WARO KISHI + K.ASSOCIATES ARCHITECTS

Tokyo International Air Terminal Commercial Zone

completion
2010.10
location
Tokyo
photo
Hiroshi Ueda

A new international terminal opened at Haneda Airport in the fall of 2010. This project is a design for a shopping and dining area within that terminal. Thinking of Haneda as a “Tokyo” airport as opposed to Narita, the “Japanese” airport, we decided to re-create a streetscape of Edo period, historical Tokyo, in the new terminal’s commercial zone.
It is situated in the mezzanine of the check-in area, a large atrium space built with cutting-edge technology. The basic concept is to gradually change the scenery as if one is traveling through time from the present to the historical Edo. “Sky Garden” is the name of the in-between space; a contemporary space that also reminds us of Japanese tradition.
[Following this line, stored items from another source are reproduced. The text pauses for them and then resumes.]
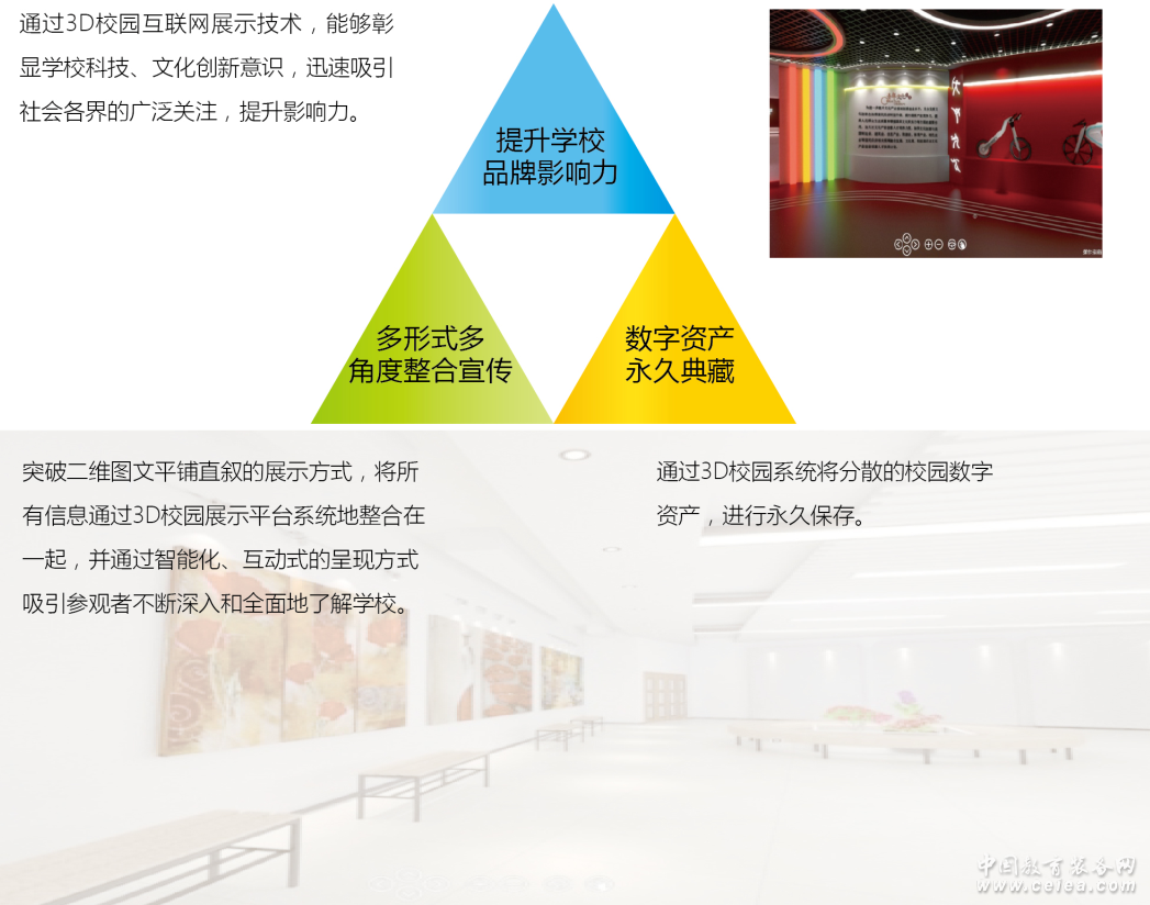 3D虛擬校博物館是應用虛擬現實技術及3D建模技術構建,針對學校教育教學成果展示、校園文化成果展示、對外宣傳展示、校園品牌建設而創意研發的。通過展覽館漫游、三維互動體驗的方式,將展廳、展板、展臺、藏品等展示在3D虛擬校博物館中,結合圖片、文字、陳列品、視音頻等資料,以網站或光盤為載體,實現互聯網三維虛擬展覽,全面展示學校風采!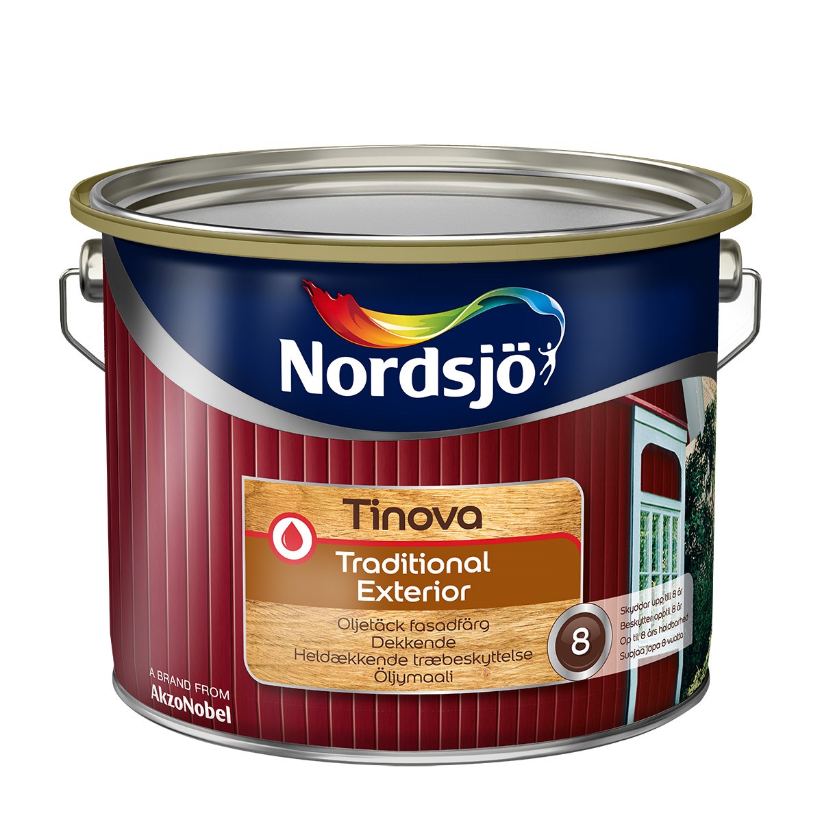 Tinova Traditional Exterior är en alkydoljebaserad färg avsedd för målning utomhus på träfasader. Oljetäckfärgen framhäver ytans trästruktur och ger en täckande och jämn yta på gamla och nya träfasader. Tinova Traditional Exterior i system med Tinova Wood Base Oil och Tinova Primer Exterior resulterar det i en livslängd på upp till 8 år.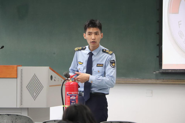 其次,陈教官对近年的消防安全事故进行剖析,由浅入深地说明了用电不当、线路老化带来的巨大安全隐患,提醒大家应定期检查线路安全,做到“人走断电”。他指出,要注意生活中的用电隐患,不能对火灾抱有任何的侥幸心理。与此同时,陈教官普及了火灾预防的具体措施及对于初期火灾的处置方法,并讲解了气溶胶灭火器与防毒面具的使用方法。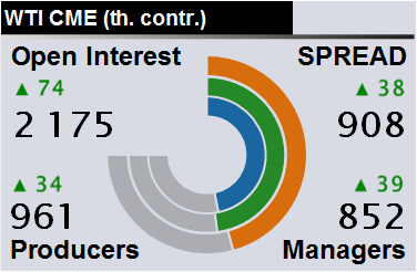 За прошлую неделю разница между OI производителей и OI управляющих выросла на 25 365 контрактов. Разница между длинными позициями производителей и управляющих выросла на 72 238 контрактов. Разница между короткими позициями производителей и управляющих выросла на 8 072 контракта.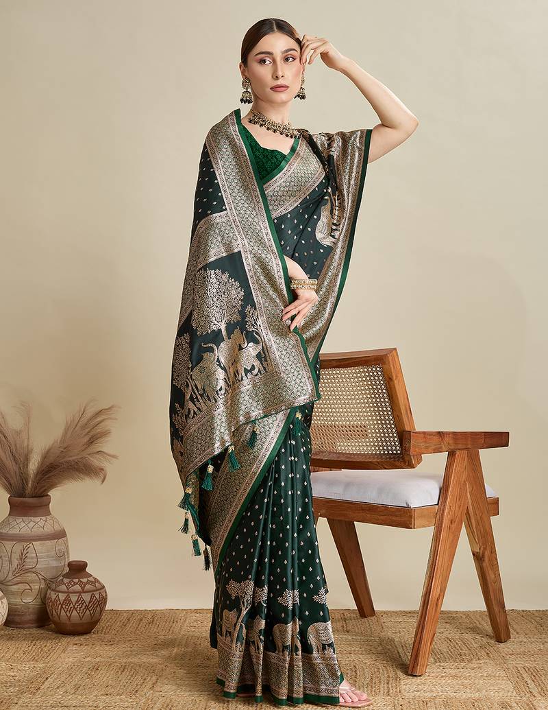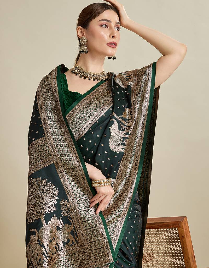 Soft litchi art silk banarasi art silk jacquard saree (str-rajgharana-05-green)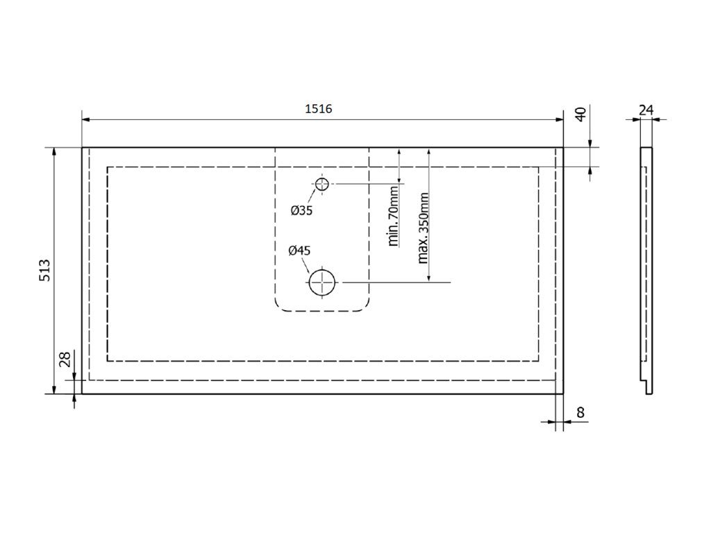 - Otvor pro baterii a výpust lze vyvrtat v místě instalace nebo dle výkresu ve výrobě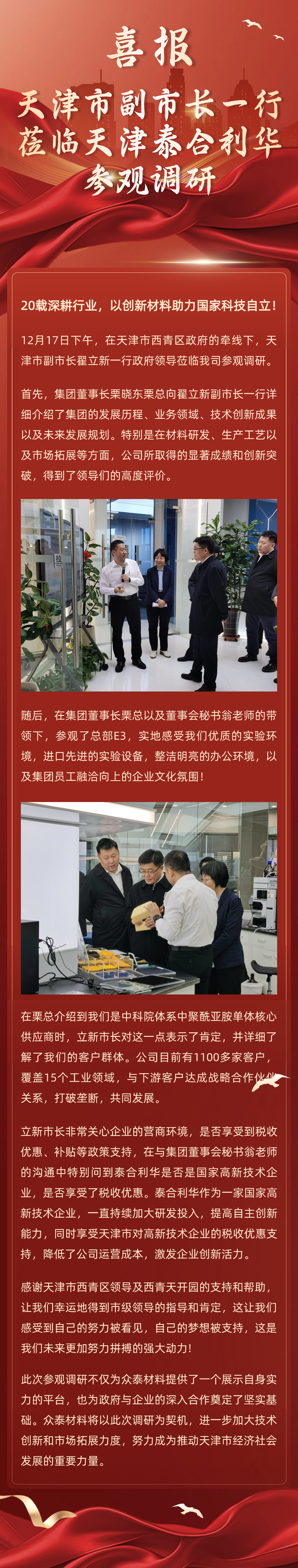 12月17日下午,在天津市西青區(qū)政府的牽線下,天津市副市長翟立新一行政府領(lǐng)導(dǎo)蒞臨我司參觀調(diào)研。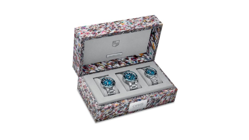 Aquis Blue Whale Limited Edition ผลิตจำนวน 200 เรือน และจำหน่ายเป็น Trilogy box set เพียง 200 ชุด เท่านั้น ประกอบด้วยนาฬิกาอีก 2 รุ่นได้แก่ Oris Clean Ocean Limited Edition และ Oris Great Barrier Reef Limited Edition III ความพิเศษนอกจากนาฬิกาแล้ว ตัวกล่องยังผลิตจากวัสดุขวดพลาสติก นำมารีไซเคิลและอัดขึ้นรูปเป็นกล่องสำหรับรุ่นนี้โดยเฉพาะ จำหน่ายในราคา 9,600 ฟรังก์สวิส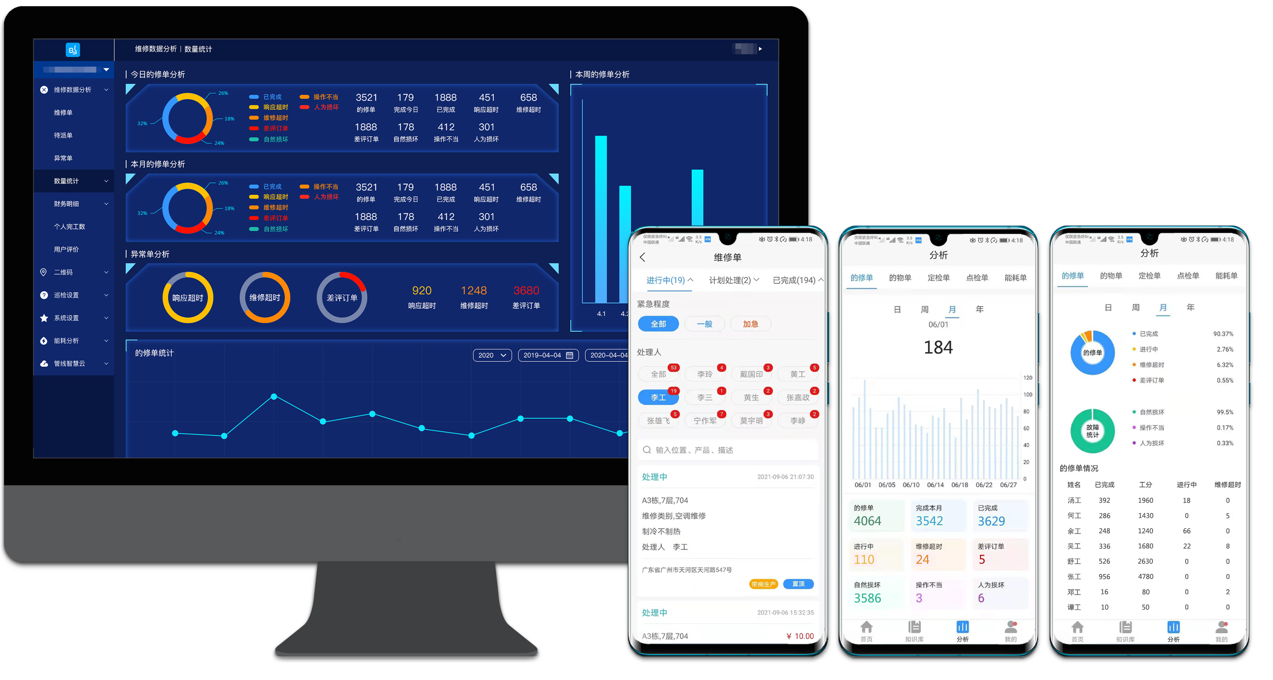 3.移动端、PC端后台实时记录维修过程,实现从报修、派工、维修、验收、评价等全流程跟踪服务管理,并通过大屏呈现的工单量、报修率、故障原因、维修超时、返修单、差评单等数据分析结果,对员工进行量化考核,制定维护决策,确保设备的正常运行。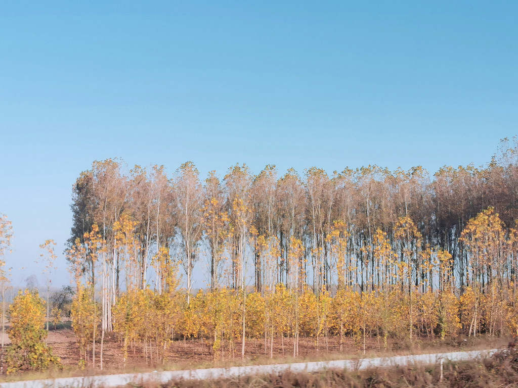 一路秋风吹叶黄。暑热萧瑟去,是天凉。枯枝疏影不含香。寻常事、只是换新妆。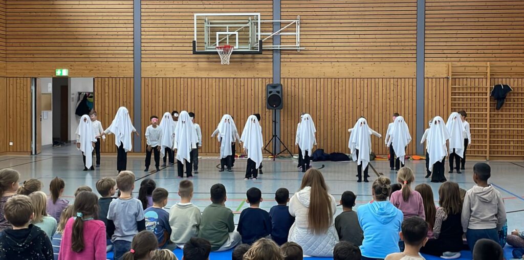 Die Klasse 4a stellte spannende Fakten rund um unsere Schule vor und beantwortete in ihrem Beitrag „Wusstest du schon?“ Fragen, die selbst für manche Lehrkraft neu waren. Danach brachte die Klasse 2b mit dem Tanz „Gespenster am Fenster“ Bewegung und gute Stimmung in die Halle.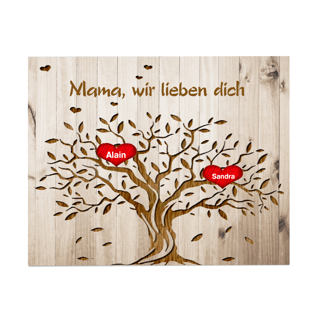 Holzrahmen - Personalisierter Text & 2 Namen Familienstammbaum Holzdekoration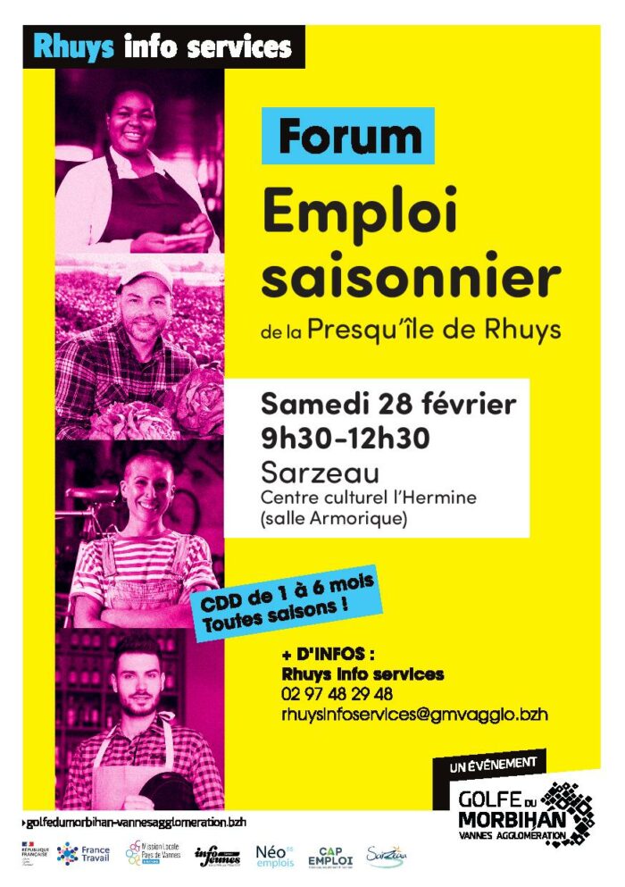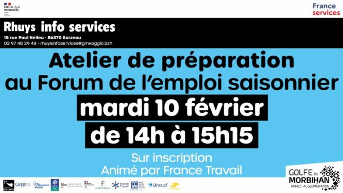 ► Cette année, France travail animera au sein de Rhuys info services un atelier de préparation au forum saisonnier pour les candidats le 10 février de 14h à 15h15. Lien pour l’inscription sur le site de France travail.

It is both a garden and an architectural space at the same time, and lays before “Edo Passage”, which is a strict re-modeling of an historical Edo streetscape. In other words, the “Sky Garden” space conceals the historical “Edo Passage” behind it and this garden space establishes a link between the present and the past. Visitors encounter this commercial space, coming from a contemporary atrium space and passing through the intermediate “Sky Garden”, and finally to “Edo Passage”.
Our mission was to design the “Sky Garden” space and collaborate with the Sukiya carpenter at Sotoji Nakamura Office, one of the best tea-house carpenters in Kyoto, who designed and constructed “Edo Passage”. In a sense, our commission implied building a bridge between Japanese traditional architectural engineering and today’s most leading architectural technology.